Cycle leak (SetFinalizer only). “If a cyclic structure includes a block with a finalizer, that cycle is not guaranteed to be garbage collected and the finalizer is not guaranteed to run, because there is no ordering that respects the dependencies.” Two SetFinalizer objects pointing at each other leak forever. AddCleanup was created precisely to eliminate this.

AddCleanup panics on self-reference. “If ptr is reachable from cleanup or arg, ptr will never be collected and the cleanup will never run. As a protection against simple cases of this, AddCleanup panics if arg is equal to ptr.” Passing the object as its own arg re-creates the resurrection problem; the runtime catches the obvious form. It cannot catch indirect captures — a closure that closes over ptr will still leak silently.

Zero-size and tiny/batched objects. Neither cleanups nor finalizers are guaranteed to run for objects whose type is zero bytes — such objects may share an address.
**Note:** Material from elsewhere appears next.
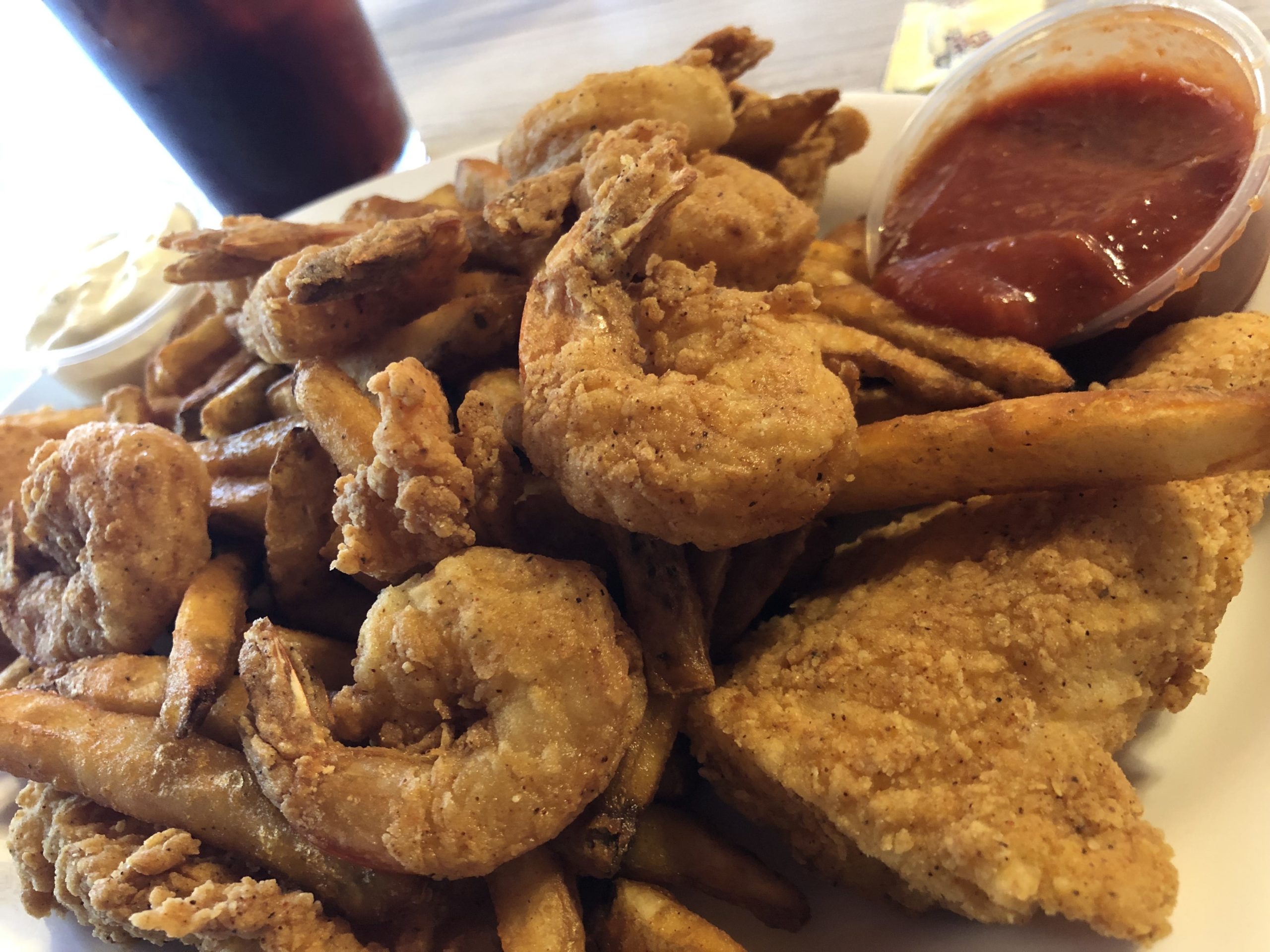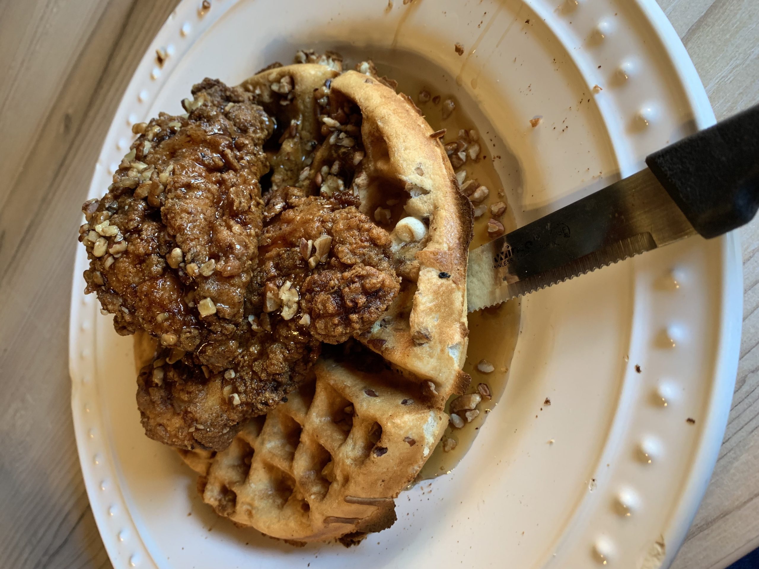 Our table had the fried shrimp and catfish combo plate, the grilled pork chops and the chicken and waffles. Hands down, the winner at the table was the chicken and waffles. The chicken was seasoned well, and the waffle wasn’t bad. The fried shrimp and catfish were OK. The batter was a little on the bland side, honestly.

More subtly, both docs carry the batching caveat: the runtime “is allowed to perform a space-saving optimization that batches objects together in a single allocation slot. The cleanup for an unreferenced object in such an allocation may never run if it always exists in the same batch as a referenced object. Typically, this batching only happens for tiny (on the order of 16 bytes or less) and pointer-free objects.” This is the Tiny Allocator at work — a finalizer/cleanup on a tiny noscan object can be silently dropped.

Package-level variables. “It is not guaranteed that a finalizer will run for objects allocated in initializers for package-level variables. Such objects may be linker-allocated, not heap-allocated” — and only heap objects are GC-tracked.
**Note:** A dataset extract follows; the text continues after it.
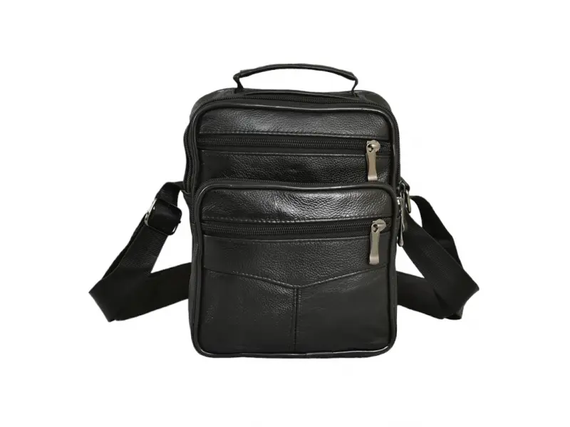 Мъжка чанта от естествена кожа на промоция - Едно основно отделение с цип. - Три предни джоба с цип. - Заден джоб с цип. - Регулираща се презрамка. - Дръжка за носене в ръка.

Memory-model trap. “In the terminology of the Go memory model, a call SetFinalizer(x, f) ‘synchronizes before’ the finalization call f(x). However, there is no guarantee that KeepAlive(x) or any other use of x ‘synchronizes before’ f(x)” — so a finalizer that touches mutable state in x must use a mutex or other synchronization. The bare fact that the finalizer runs later in wall-clock time does not establish a happens-before edge with the program’s last write.
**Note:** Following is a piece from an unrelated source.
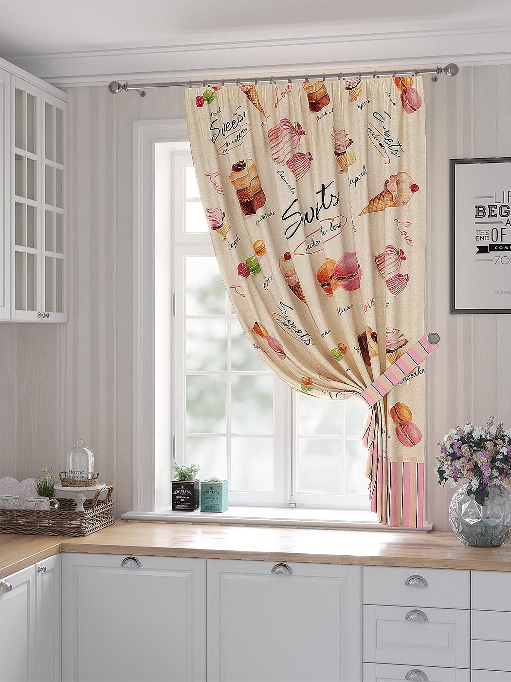 Портьеры 1 шт. Ширина полотна без сборки 150 см, высота 180 см., Портьера из легкой ткани (габардин) оформлен печатным рисунком. Печатный рисунок дает широкие возможности обновить интерьер фактически нет требуя ремонта за счет огромного выбора. Ткани с печатным рисунком безопасны и не содержат токсичных веществ. Не смотря на то что, материал легкий, он имеет высокую плотность, мало загрязнятся и не требует особого ухода даже после стирки, что важно для кухонных занавесок. Шторы не выцветают, не растягиваются, превосходно драпируются, образуя струящиеся складки. Прекрасное решение для создания красоты и уюта с помощью уникальных дизайнов. По верхнему краю портьеры пришита шторная тесьма 6 см, с ее помощью затянув узелки от кордовых нитей с обеих сторон и стянув их до нужного размера можно сформировать округлые складки, далее вставить крючки в кармашки и повесить на карниз. Обязательно проверьте кордовые нити – они должны быть надежно завязаны, в противном случае во время стягивания они могут вылететь. Шторная тесьма имеет два ряда кармашков, с их помощью можно регулировать не только длину, но и ширину. Такое крепление подходит для всех типов карнизов.

Diagnosing finalizer bugs. Go 1.25 added GODEBUG=checkfinalizers=1: per the Go 1.25 notes, in this mode “the runtime runs diagnostics on each garbage collection cycle, and will also regularly report the finalizer and cleanup queue lengths to stderr” — a growing queue length signals cleanups arriving faster than they drain. See GC Tuning and Observability.

Alternatives and When to Choose Them

The primary alternative to any finalizer is explicit lifecycle management: Close() plus defer, the io.Closer interface, and structured ownership. This is correct, deterministic, and timely; a finalizer or cleanup should exist only as the fallback when an API cannot force callers to close. Between the two finalization mechanisms, prefer AddCleanup for all new code (Go 1.24+) — it is strictly better on cycles, reclamation latency, parallelism, multiplicity, and interior pointers. Reach for SetFinalizer only on pre-1.24 toolchains or to read/maintain legacy code. Weak Pointers are a related but distinct tool: a weak pointer lets you observe that an object died without keeping it alive, where a cleanup lets you react to it dying; caches often use both — a weak pointer to detect eviction, a cleanup to release the backing resource.

Production Notes

The standard library itself moved with this change: the Go 1.24 notes describe AddCleanup as efficient enough for “heavy use like the unique package”, which interns values and relies on cleanups firing in parallel to release interned entries promptly — the Go 1.25 notes call out exactly this when explaining why cleanups were parallelized. The practical rules: (1) never make program correctness depend on a finalizer/cleanup running — it may not run before exit; (2) always pair the wrapper with an explicit Close, and Stop() the cleanup inside it; (3) put runtime.KeepAlive after the last real use of any object whose resource you handle directly; (4) keep cleanup/finalizer functions short and non-blocking — spawn a goroutine for slow work; (5) when migrating, give the cleanup a copy of the resource (arg), never the wrapping object, or you reintroduce the resurrection delay you were trying to escape.